REQUIREMENT: If a record holds a picture, omit that picture and copy everything else exactly.

TASK INPUTS:
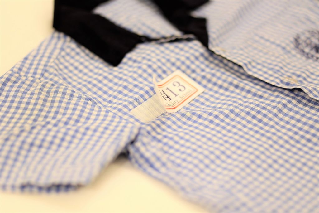 用魔鬼氈貼上,每次洗衣服前拿下來,就可以一整學期保持名牌的潔白乾淨囉!
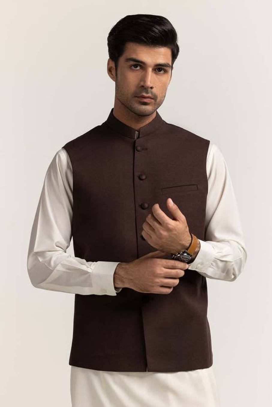 The Brown Basic Waistcoat is the epitome of sophistication. Whether paired with a shalwar kameez or a kurta, this waistcoat adds a polished touch to your look. Its versatile color and classic cut make it a timeless piece that can elevate any outfit, suitable for both casual and formal occasions.
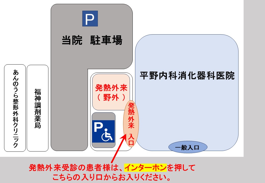 □ ウイルス陽性の患者様は、野外スペース、自家用車でお越しの方は車内で、待機していただくことがあります。
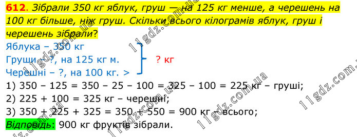 Зібрали 350 кг яблук, груш — на 125 кг менше, а черешень на 100 кг більше, ніж груш. Скільки всього кілограмів яблук, груш і черешень зібрали? Яблука – 350 кг Груши – ?, на 125 кг м. ? кг Черешні – ?, на 100 кг. > 1) 350 – 125 = 350 – 25 – 100 = 325 – 100 = 225 кг – груші; 2) 225 + 100 = 325 кг – черешні; 3) 350 + 225 + 325 = 350 + 550 = 900 кг – всього; Відповідь: 900 кг фруктів зібрали.
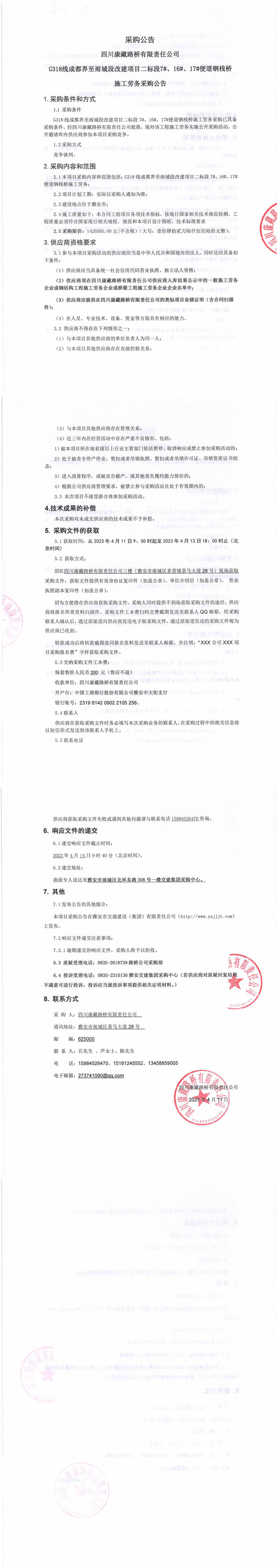 四川康藏路橋有限責(zé)任公司G318線(xiàn)成都界至雨城段改建項(xiàng)目二標(biāo)段7#、16#、17#便道鋼棧橋施工勞務(wù)采購(gòu)公告

SOLVED PROBLEM:
 用魔鬼氈貼上,每次洗衣服前拿下來,就可以一整學期保持名牌的潔白乾淨囉!
 The Brown Basic Waistcoat is the epitome of sophistication. Whether paired with a shalwar kameez or a kurta, this waistcoat adds a polished touch to your look. Its versatile color and classic cut make it a timeless piece that can elevate any outfit, suitable for both casual and formal occasions.
 □ ウイルス陽性の患者様は、野外スペース、自家用車でお越しの方は車内で、待機していただくことがあります。
 Зібрали 350 кг яблук, груш — на 125 кг менше, а черешень на 100 кг більше, ніж груш. Скільки всього кілограмів яблук, груш і черешень зібрали? Яблука – 350 кг Груши – ?, на 125 кг м. ? кг Черешні – ?, на 100 кг. > 1) 350 – 125 = 350 – 25 – 100 = 325 – 100 = 225 кг – груші; 2) 225 + 100 = 325 кг – черешні; 3) 350 + 225 + 325 = 350 + 550 = 900 кг – всього; Відповідь: 900 кг фруктів зібрали.
 四川康藏路橋有限責(zé)任公司G318線(xiàn)成都界至雨城段改建項(xiàng)目二標(biāo)段7#、16#、17#便道鋼棧橋施工勞務(wù)采購(gòu)公告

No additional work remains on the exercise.